Une seconde dimension des maquettes de Bernard Mulaire qui en font des pièces de musée: la technologie derrière leur construction.

“Ça prenait beaucoup de minutie et il fallait que j’y consacre le temps nécessaire. Les maquettes étaient des miniatures, construites à une échelle d’un quart de pouce pour un pied. J’avais des outils miniatures, une scie ronde, une perceuse. J’étais équipé pour travailler en petit. J’utilisais du bois, du carton, de la chaîne, du fil de fer, de la corde, des rouleaux de styromousse dans lesquels je coupais ce qui allait ressembler à des pneus. Il fallait que je sois débrouillard.”

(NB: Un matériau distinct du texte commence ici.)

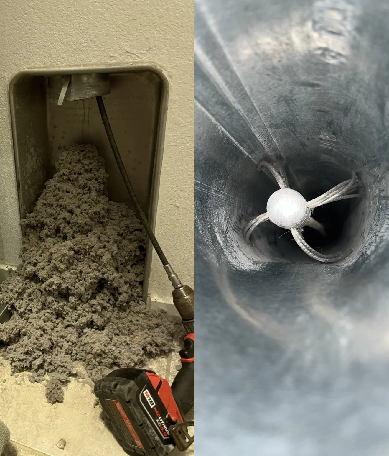 Dryer vent cleanings typically take around 30 minutes to 60 minutes. We sweep the dryer duct from end to end using a steel brush that spins to ensure all lint and debris are removed. This service also includes cleaning out the lint trap, transition hose, and dryer exhaust port.
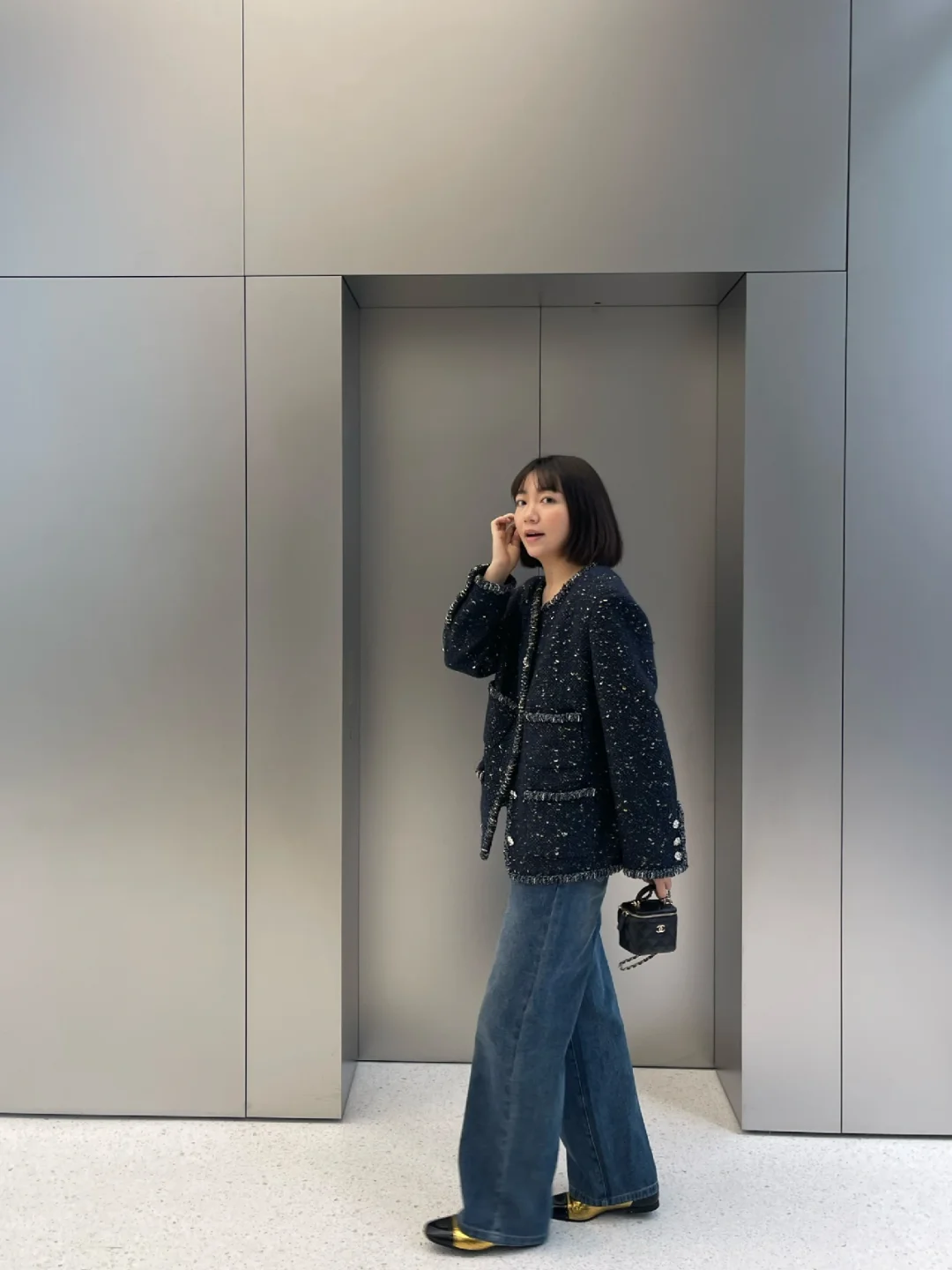 牛仔穿搭,地铁自拍
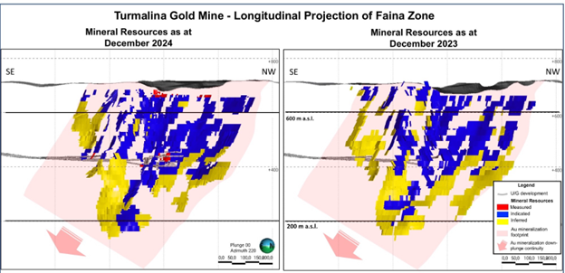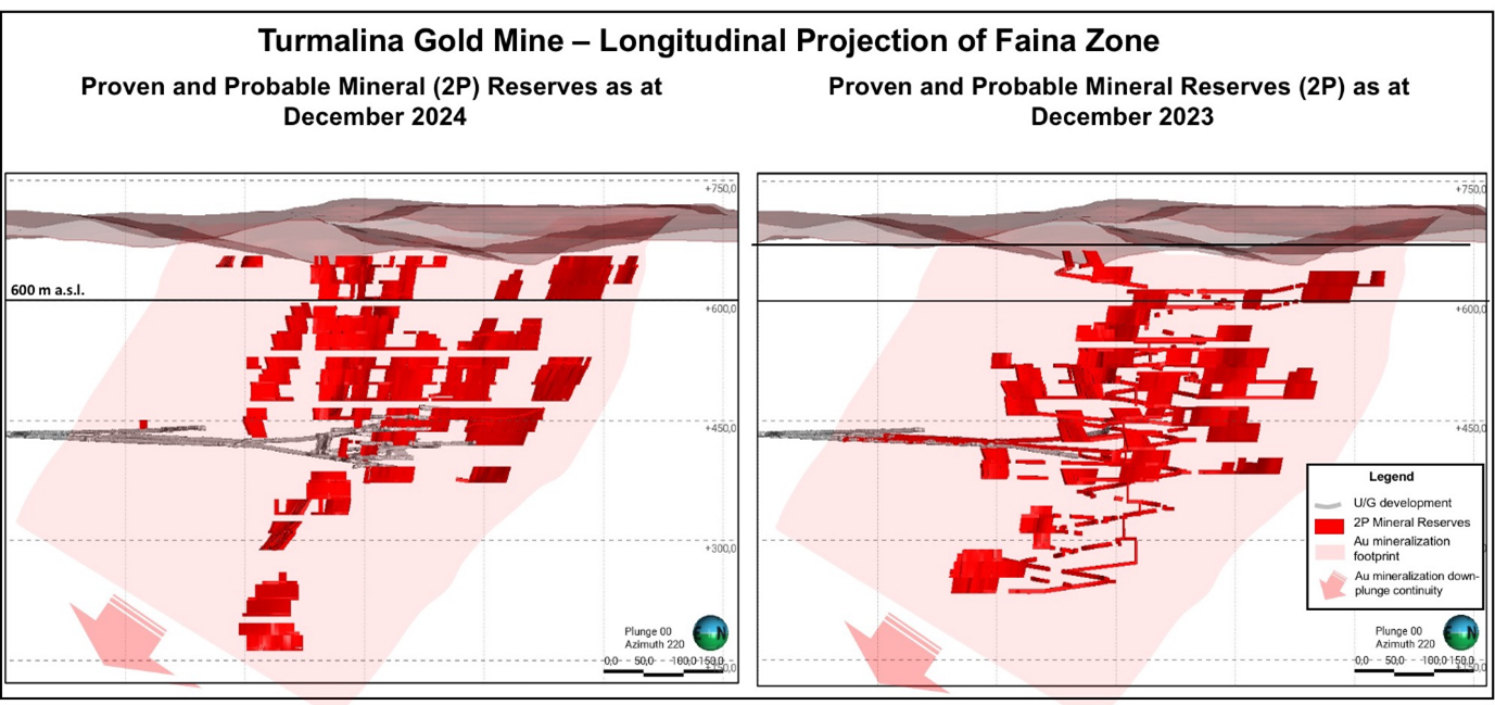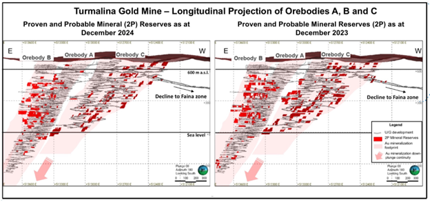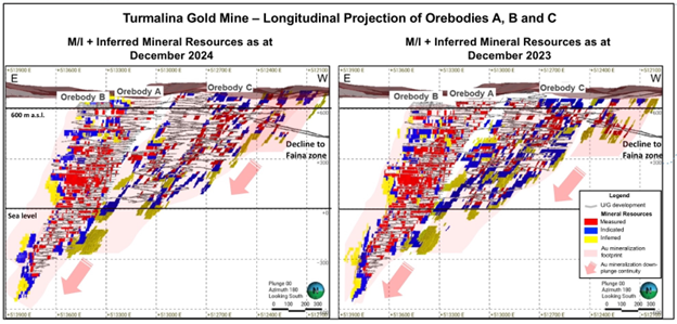 Figure 3. Long Sections showing year-over-year changes in Turmalina mine Mineral Reserves 2024 vs 2023
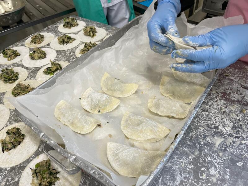 キムチご飯 小松菜ぎょうざ 中華コーンスープ りんご
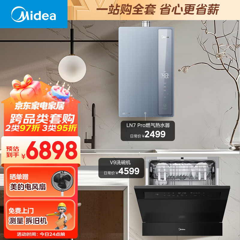 美的(Midea)一级能效下置风机16升燃气热水器LN7 Pro+嵌入式台式家用灶下13套V9洗碗机套装价格:6898.00元!
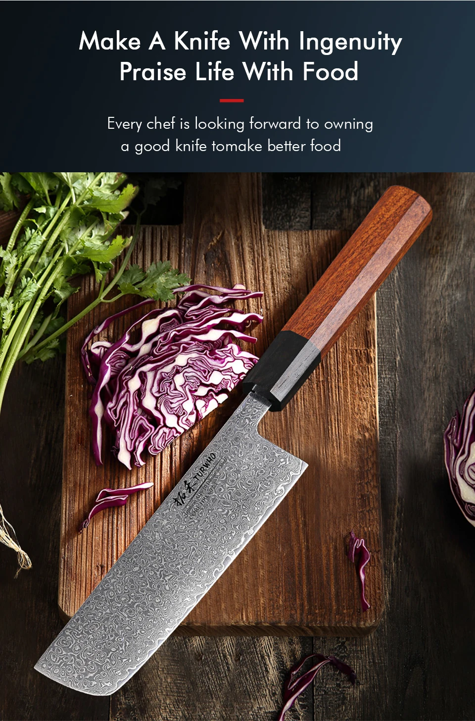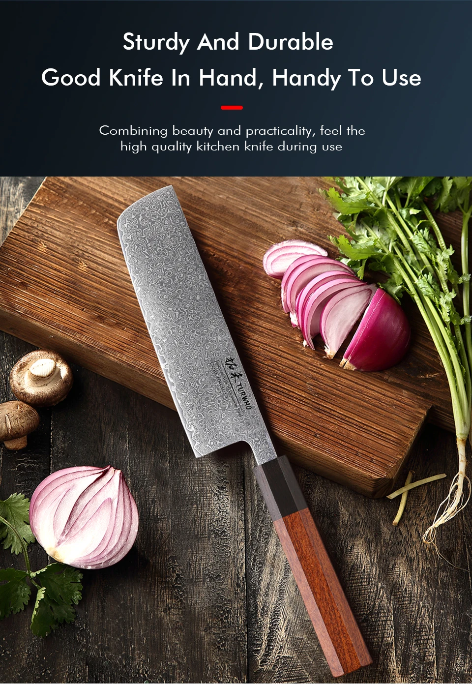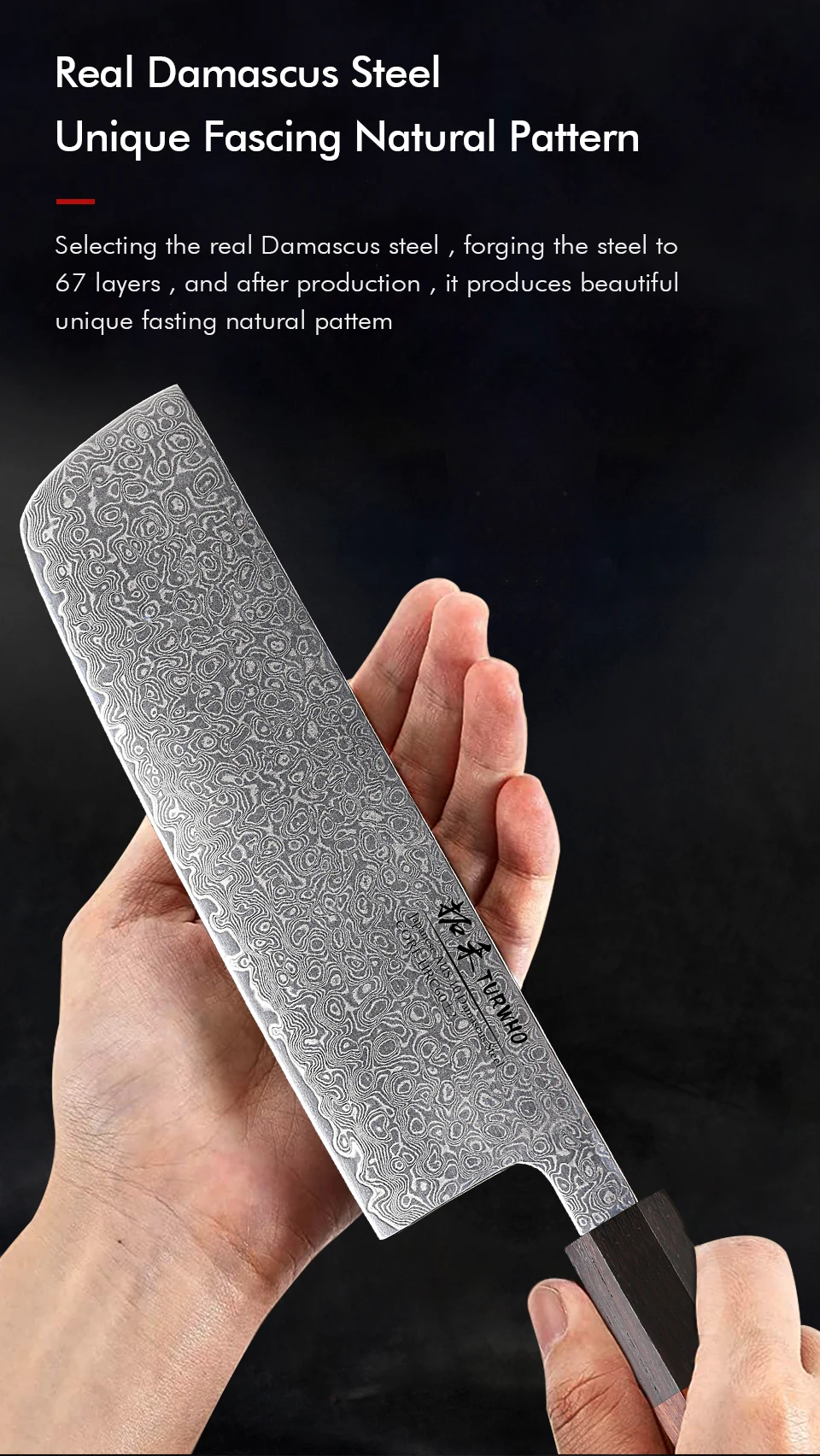 TURWHO Coltello Nakiri da 6,5 pollici 67 strati Coltello da cucina professionale in acciaio di Damasco Coltello da cuoco Verdure giapponesi Strumenti di cottura della carne Posate

“L’équipement des terrains de jeux n’est plus fabriqué en bois aujourd’hui, mais principalement en matière plastique. Et maintenant, les maquettes sont faites en trois dimensions, à l’ordinateur. D’objets utilitaires, mes maquettes sont devenues des objets d’artisanat d’un temps révolu. Qui l’eût cru?”

“Mes maquettes serviront donc encore. Et comme les archives de Children’s Playgrounds intéressent le Musée, voilà que le projet implique d’autres personnes que moi, et fait revivre les souvenirs de tous. J’adore ce dénouement. Je suis comblé.”

L’historien de l’art n’en est pas à sa première donation. Il a déjà fait profiter le Centre du patrimoine à Saint-Boniface, la Bibliothèque Alfred-Monin, les archives de l’Université de Saint-Boniface, le Musée McCord à Montréal, ainsi que la Bibliothèque nationale du Québec. Sa volonté de donner des objets comme les maquettes, représente une extension de sa pensée en histoire de l’art.

“Je déteste jeter des choses. Mon appartement en est la preuve! Je cherche toujours à tout récupérer, mettre en valeur le temps que les choses ont prises à faire, mettre en évidence leur signification. Je suis hanté par l’idée de la mort, de la disparition, de l’oubli.”

Mulaire a déménagé à Montréal en 1984 pour entreprendre une maîtrise en histoire de l’art. C’est là que son activité de maquettiste de terrain de jeux a pris fin. “L’expédition de maquettes aussi fragiles devenait problématique. Children’s Playgrounds m’a payé pour la dernière commande et cela a clos le dossier. Comme je les trouvais belles, je n’ai jamais voulu les jeter. Ce sont ces maquettes que j’ai données au Musée canadien de l’histoire.”